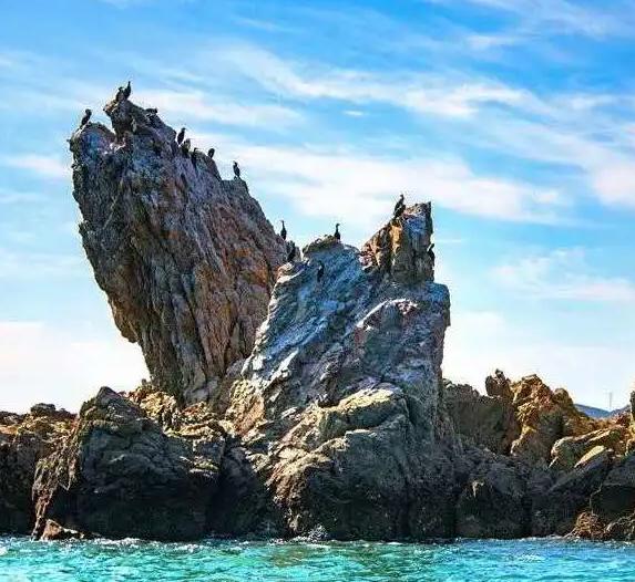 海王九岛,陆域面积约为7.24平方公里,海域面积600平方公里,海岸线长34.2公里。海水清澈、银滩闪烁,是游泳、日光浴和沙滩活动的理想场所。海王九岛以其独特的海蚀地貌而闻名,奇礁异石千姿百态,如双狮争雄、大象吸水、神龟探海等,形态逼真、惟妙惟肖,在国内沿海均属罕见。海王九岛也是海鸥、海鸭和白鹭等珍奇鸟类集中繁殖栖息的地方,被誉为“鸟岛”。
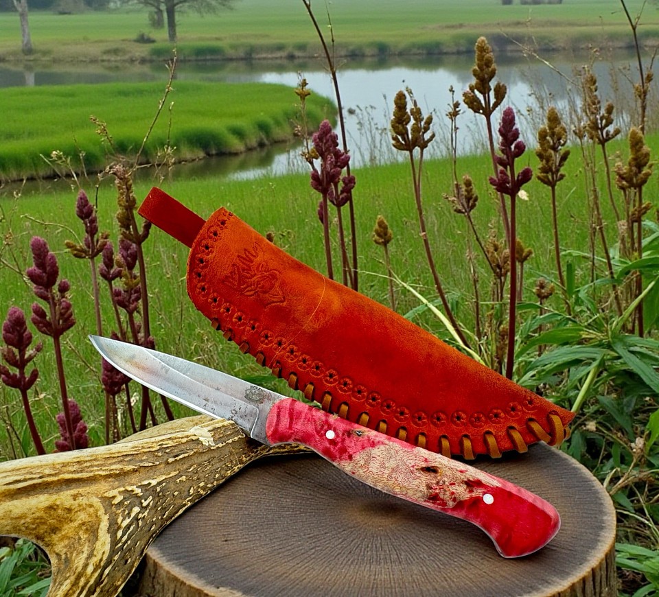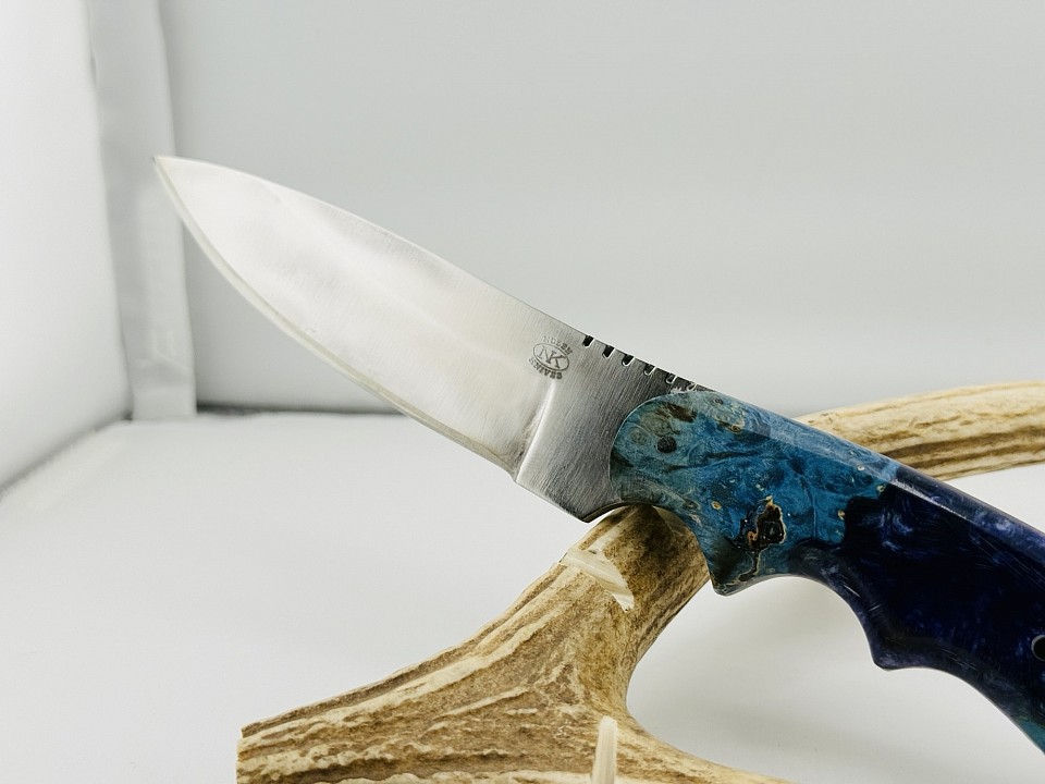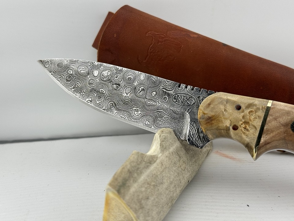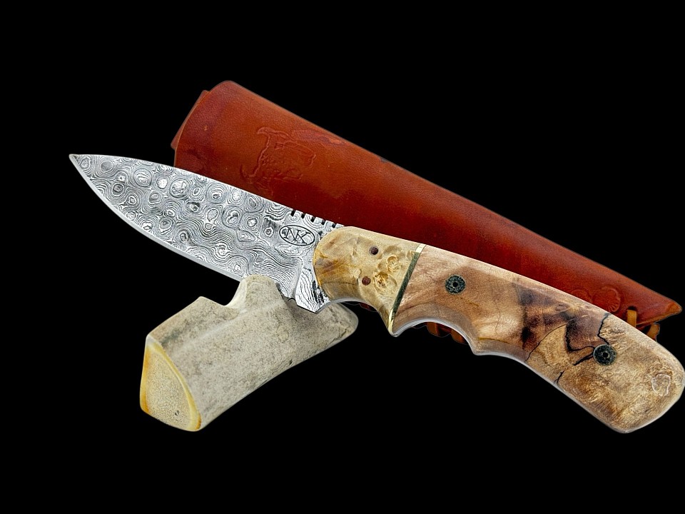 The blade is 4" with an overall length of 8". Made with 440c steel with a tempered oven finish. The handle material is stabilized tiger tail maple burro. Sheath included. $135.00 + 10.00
* * *
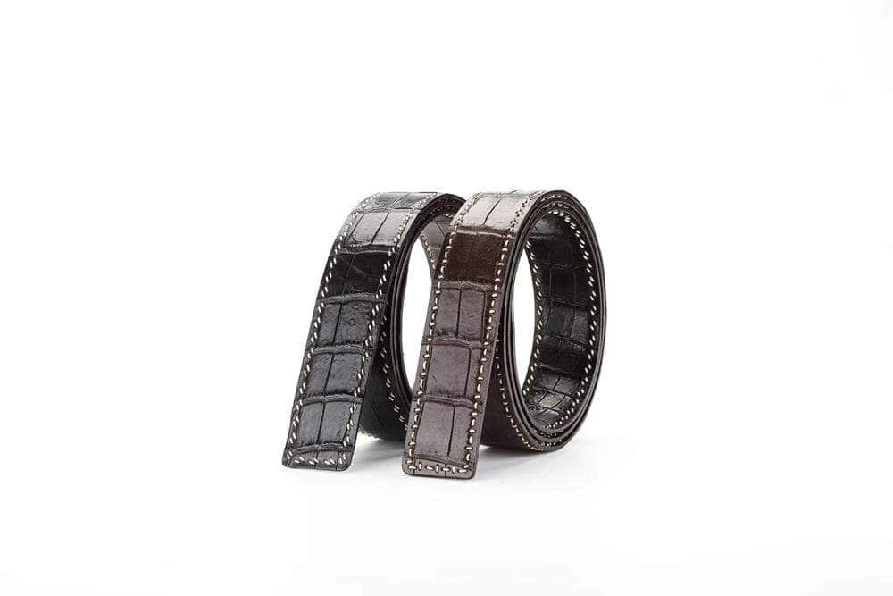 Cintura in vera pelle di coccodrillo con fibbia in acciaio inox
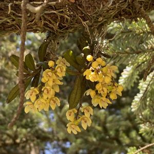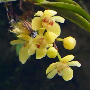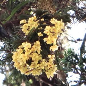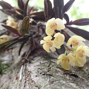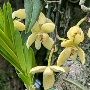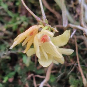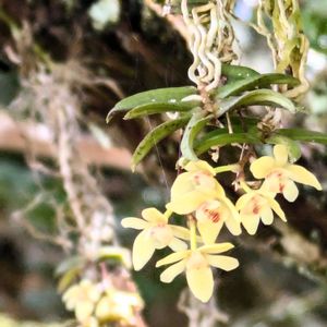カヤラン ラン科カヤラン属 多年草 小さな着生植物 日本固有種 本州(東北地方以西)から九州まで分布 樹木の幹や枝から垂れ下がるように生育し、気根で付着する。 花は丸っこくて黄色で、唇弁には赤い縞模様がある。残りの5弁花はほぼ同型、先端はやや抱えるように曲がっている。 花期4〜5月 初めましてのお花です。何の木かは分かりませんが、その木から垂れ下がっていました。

--- YOUR ASSIGNMENT ---
Starting from the line with "海王九岛,陆域面积约为7.2" in the records above, repeat each line exactly until you have written the line with "The blade is", then stop; drop the pictures.

--- WRITTEN ANSWER ---
 海王九岛,陆域面积约为7.24平方公里,海域面积600平方公里,海岸线长34.2公里。海水清澈、银滩闪烁,是游泳、日光浴和沙滩活动的理想场所。海王九岛以其独特的海蚀地貌而闻名,奇礁异石千姿百态,如双狮争雄、大象吸水、神龟探海等,形态逼真、惟妙惟肖,在国内沿海均属罕见。海王九岛也是海鸥、海鸭和白鹭等珍奇鸟类集中繁殖栖息的地方,被誉为“鸟岛”。
 The blade is 4" with an overall length of 8". Made with 440c steel with a tempered oven finish. The handle material is stabilized tiger tail maple burro. Sheath included. $135.00 + 10.00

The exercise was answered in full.